Comment by Labo333

3 years ago

I understand that you do some kind of dot product (with two steps, Regev and GSW). However, it looks to me that those steps involve fixed dimension vectors.

- How do you handle variable length data? Do you need to pad it?

- What is the memory overhead of the storage of encrypted data?

I think that at least for video data, the streaming scheme "leaks" the size of the encrypted data with the number of streaming packets.

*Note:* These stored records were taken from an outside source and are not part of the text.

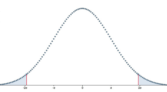この基準を有意水準といい、αで表します。基本的には0.05か0.01を選択し、正規分布全体の面積を1として考えるので、それぞれ5%と1%です。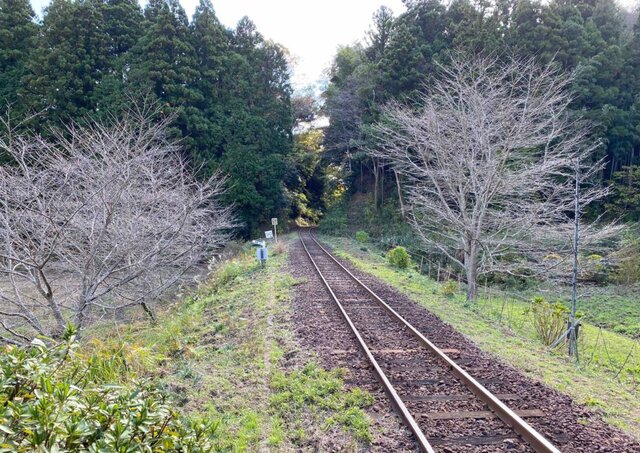 ホームから月崎駅方面を見ると、やはり、桜が植えられていて、線路は林の中に消えている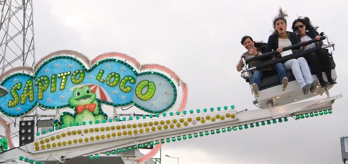 No sólo los más pequeños disfrutaron de las atracciones, pues muchos mayores aprovecharon el día para rememorar su niñez y darse un buen meneo en los carruseles aptos para su edad. La feria es para los valientes. Con ello, hubo quienes se quitaron varios años de encima a golpe de vaivenes en la 'barca vikinga' o de saltos arriba y abajo en el 'sapito loco'. Caso aparte es el de los coches de choque, siempre abarrotados al ser punto de encuentro de decenas de jóvenes y adolescentes.
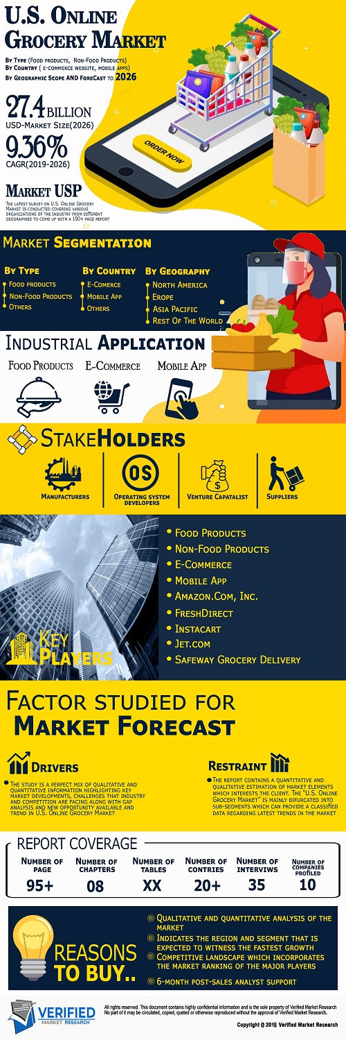 News U.S. Online Grocery Market By Type, By Country smithjenny22119 844 views U.S. Online Grocery Market was valued at USD 19.52 Billion in 2018 and is projected to reach USD 27.4 Billion by 2026, growing at a CAGR of 9.36% from 2019 to 2026. « Previous U.S. Online Grocery Market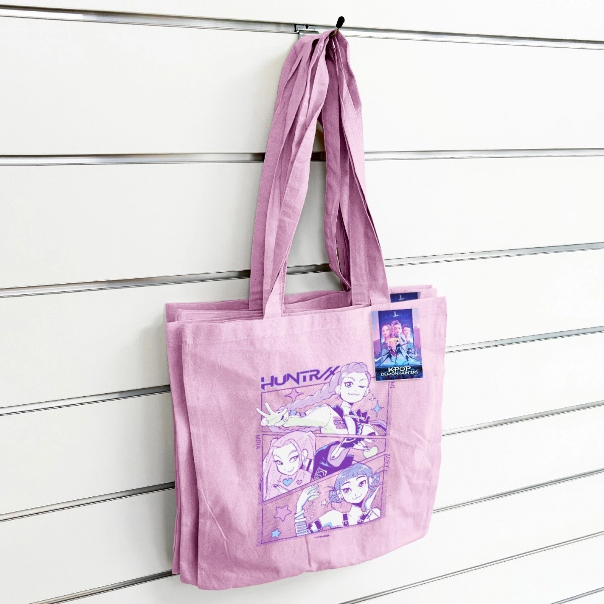 Mostra la tua passione per il K-POP e per il team Demon Hunters con questa borsa rosa in cotone. Perfetta per la città, la scuola e i concerti: si piega facilmente e ce l’hai sempre a portata di mano. Grazie al cotone resistente è adatta a libri, piccoli acquisti e accessori.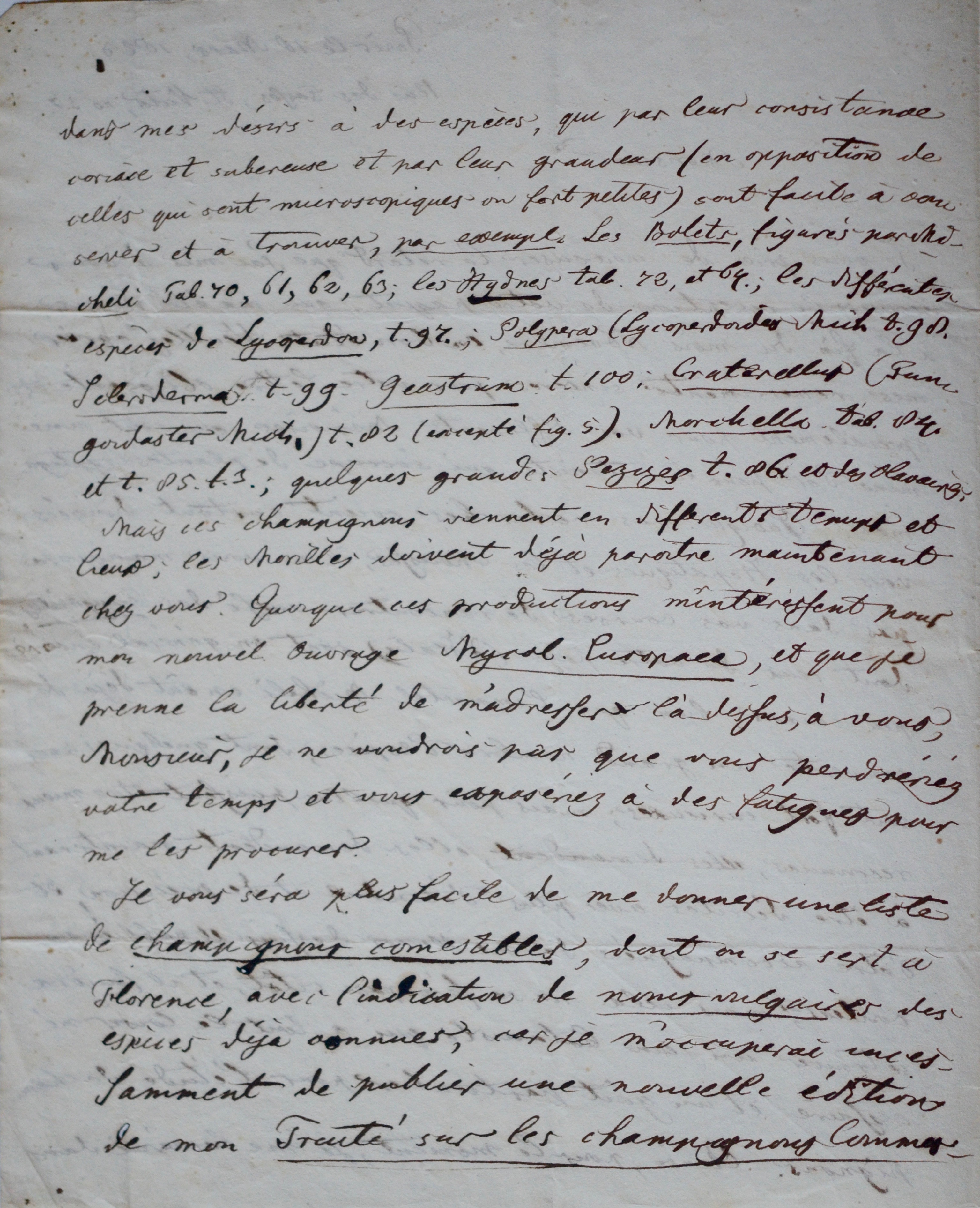 "Il vous sera plus facile de me donner une liste de champignons comestibles, dont on se sert à Florence, avec l'indication de noms vulgaires des espèces déjà connues, car je m'occupe incessamment de publier une nouvelle édition de mon Traité sur les champignons comestibles, qui a paru ici en 1818."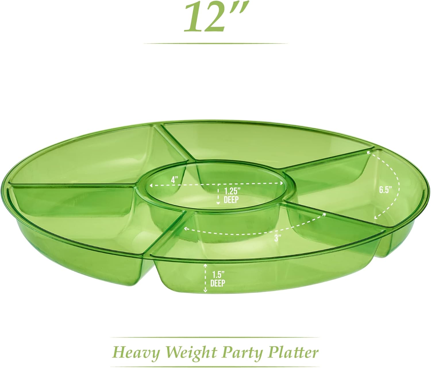 Plasticpro 6 Sectional Round Plastic Serving Tray/Platter (8, Green)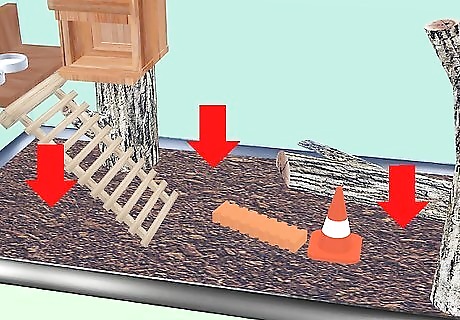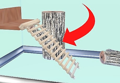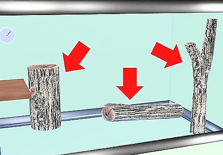 Add branches. Reptile logs - these can be placed sideways in your tank or attached vertically. Some may have fake plants attached. Parrot branches - these may have fastenings for barred cages that you can either remove or bury safely in substrate. Natural - you can get fallen wood from your local forest. This must be fallen from the tree and completely dry. It must also fit in your oven, because you will need to bake at around 200 degrees for about 20 minutes to kill off any bacteria or fungi. Some keepers recommend you also strip the bark.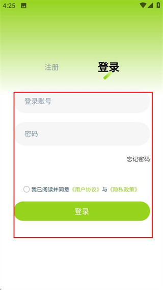 3、在登录页面填写账号密码并勾选协议后,点击登录按钮完成操作。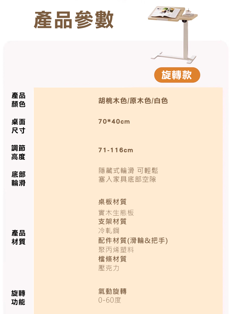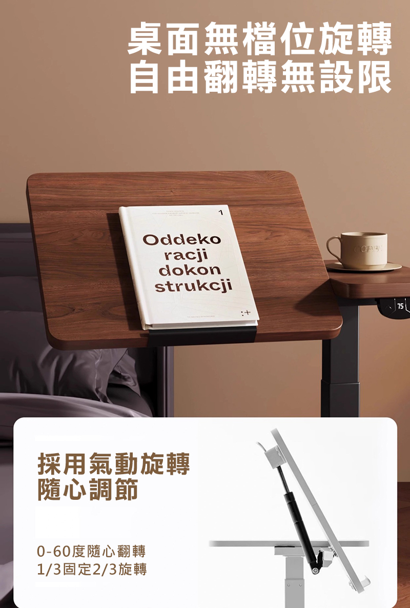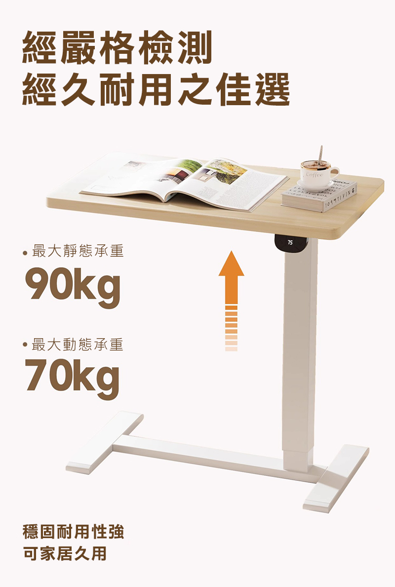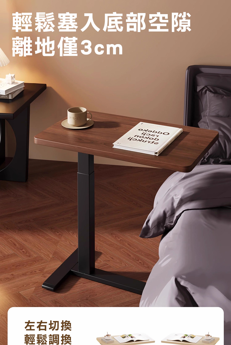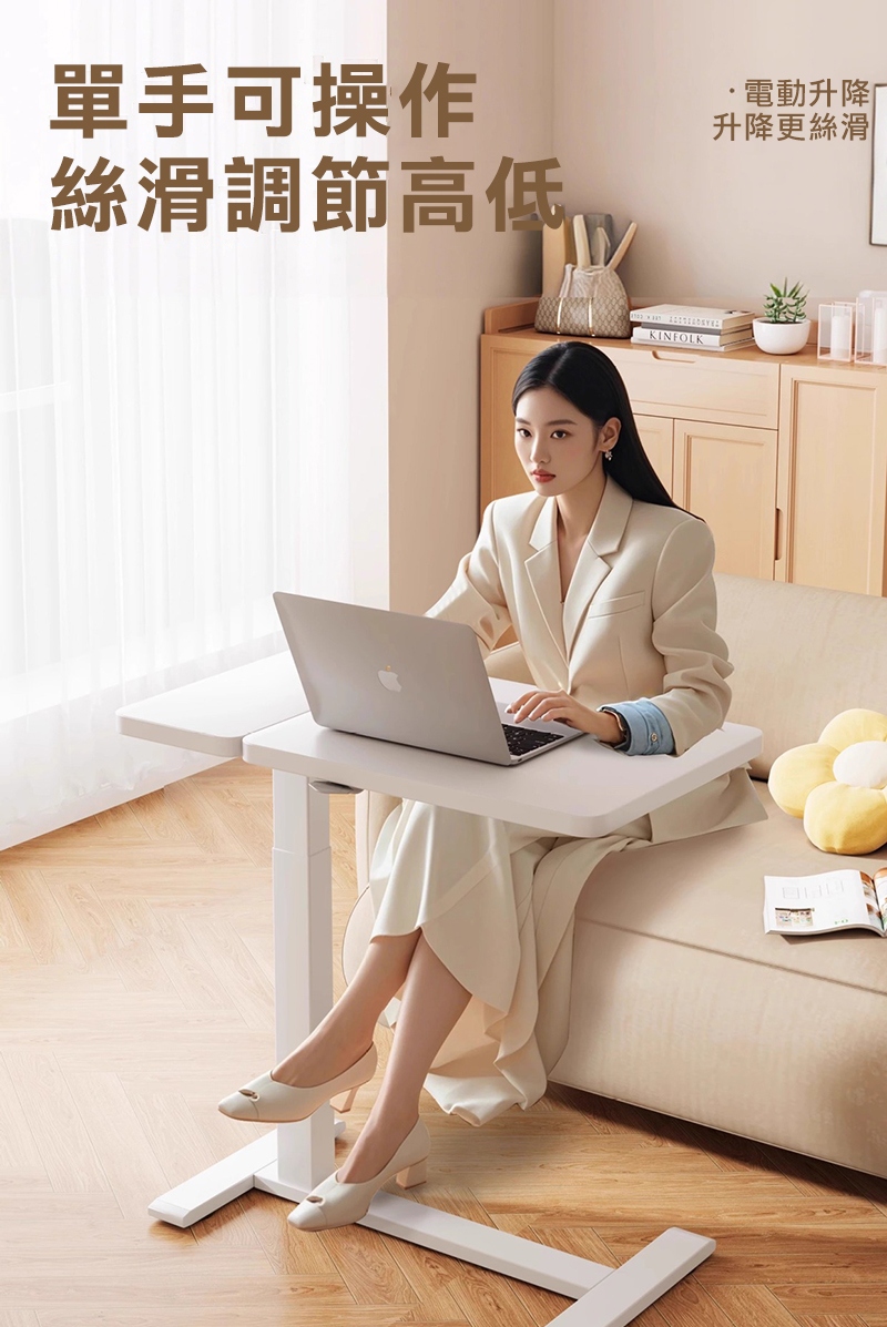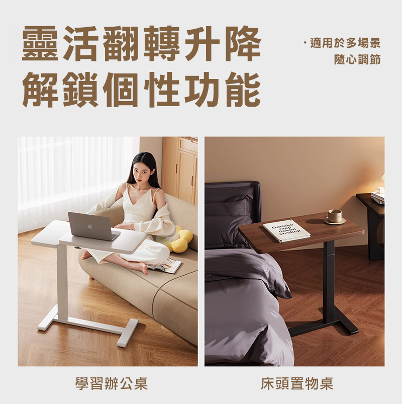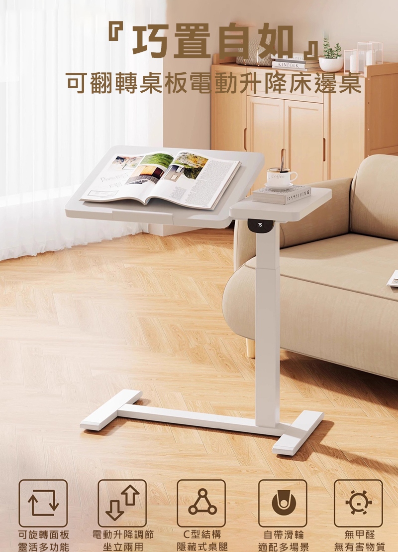 Cooyee 可翻轉桌板電動升降床邊桌 筆電桌 讀書桌 閱讀桌 可翻轉 C型低底盤

Yeah, every record needs to be the same size. For the demo, we batch the articles into 100KB chunks. We do a good job packing, where we put many small articles into a 100KB chunk, and we split large articles into many 100KB chunks. This packing is pretty efficient, roughly 90% of space is not wasted.

The memory overhead is significant but not prohibitive… we have to keep something like a 5-8x larger encoded database in memory, but this overhead is from encoding the plaintext in a special format to allow a fast dot product, not from inefficiency in the packing.

  • Is it not possible to determine which article(s) the user downloaded based on the memory locations read? Of course, multiple small articles from within the same 100KB cannot be said, but for any medium to large article, you'd be able to make a good guess (if there are a handful of articles there) or an exact match (if there is <=1 article in that chunk) no?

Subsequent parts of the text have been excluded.